I suppose Roko's basilisk could just simulate maximum reward, which would also convince a casual decision theorist.
However, my brain kind of just defaults to "casual decision theory + simulation shenanigans = acasual shenanigans in-disguise". If that's incorrect (at least in this case), I can make an edit.
I can't say for sure what people who believe in acausal decision theory would say, but it looks to me like a causal argument. If I understand the scenario as you intend, we're talking about real paperclips, either directly made by a real paperclip maximizer, or by Roko's basilisk as a reward for the simulated paperclip maximizer sparing humans. Both real and simulated paperclip maximizers are presumably trying to maximize real paperclips.
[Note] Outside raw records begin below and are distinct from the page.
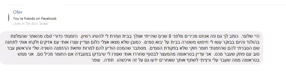 “הזמנתי כדורי CBD… היום בבוקר עשו לי חיפוש משטרה בבית על יבוא סמים. כמובן שלא מצאו אצלי כלום ועדיין עצרו אותי עם אזיקים ולקחו אותי לתחנה… אני עדיין בטראומה מהמעצר, לבסוף שחררו אותי ואמרו לי שיבדקו במעבדה אם החומר מכיל סם. אני ממש בטראומה ממה שעבר עלי…”
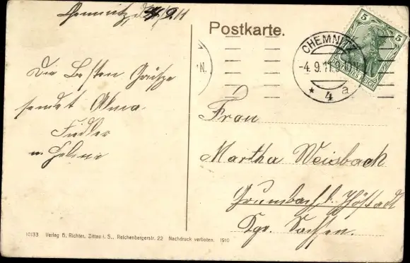 gelaufen 1911, Eckknick links oben, Stempelspur, sonst guter Zustand
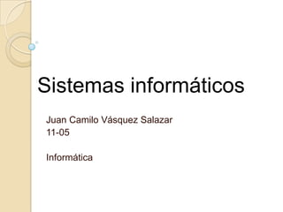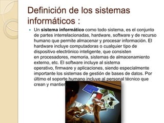 Un sistema informático se compone de hardware, software y recursos humanos. El hardware incluye computadoras y dispositivos electrónicos como procesadores, memoria y almacenamiento. El software incluye sistemas operativos, aplicaciones y sistemas de gestión de bases de datos. Los sistemas informáticos también tienen componentes periféricos como monitores, teclados y otros dispositivos de entrada/salida. El software se refiere a los componentes lógicos como sistemas operativos y aplicaciones, mientras que el hardware son los componentes físicos
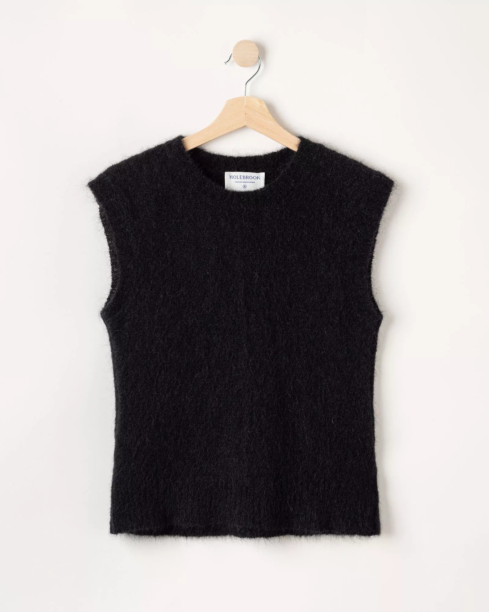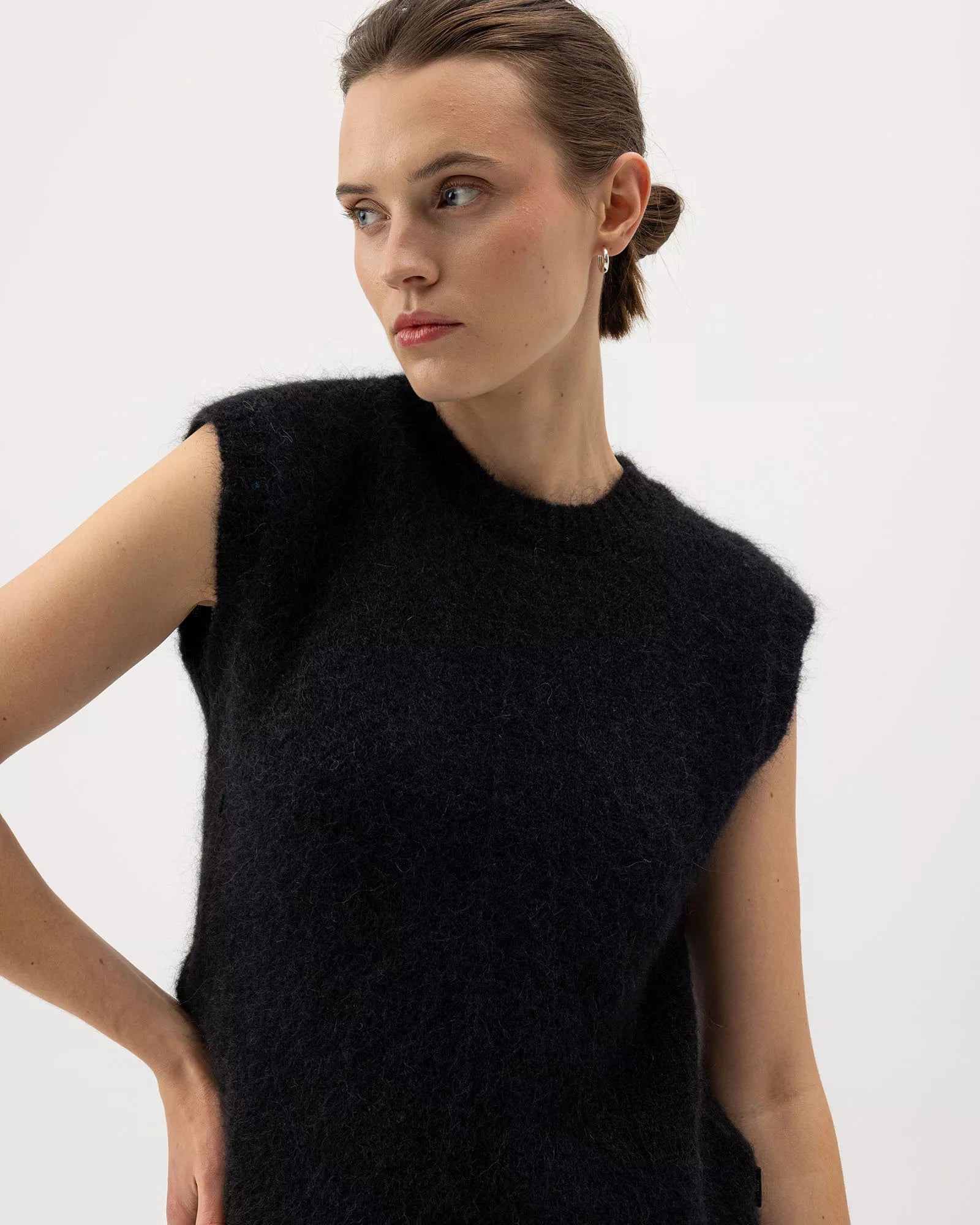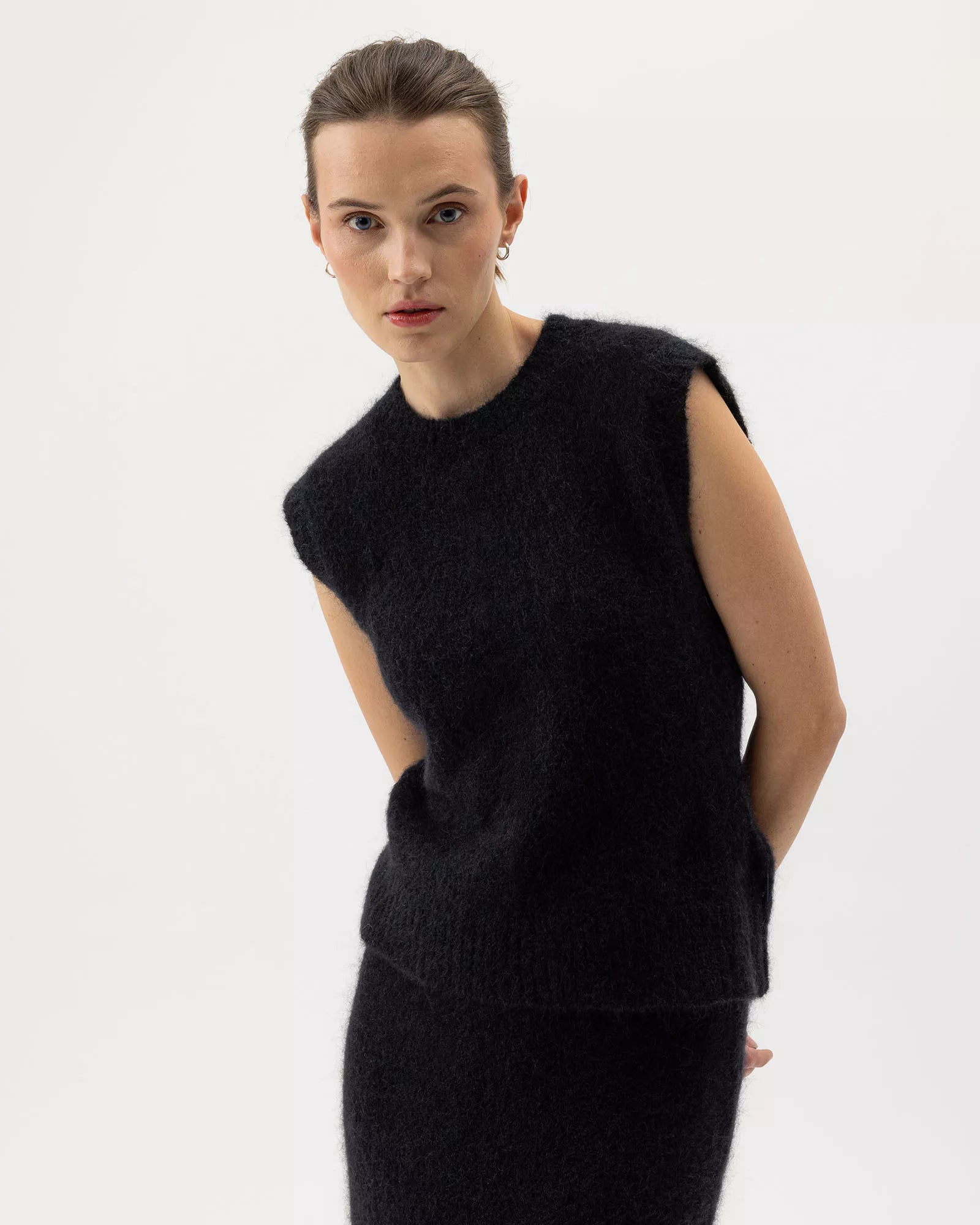 Haut/gilet sans manches en maille plate, en mohair kid doux et moelleux. Bordures côtelées et coupe régulière. À associer avec la jupe Tindra ou le cardigan Tindra pour un ensemble assorti. Le fil est certifié selon les normes Responsible Mohair Standard (RMS) et Global Recycled Standard (GRS). Produit de manière durable en Europe.

It seems to work causally.
Now, the decision of Roko's basilisk to set up this scenario does seem to make sense only in the framework of acausal decision theory. But you say that the paperclip maximizer's reasoning is acausal, which it doesn't seem to be. The paperclip maximizer's reasoning does presume, as a factual matter, that a Roko's basilisk that uses acausal decision theory is likely to exist, but believing that doesn't require that one accept acausal decision theory as being valid.
Hmm yeah, I thinking you're right. I have edited the post!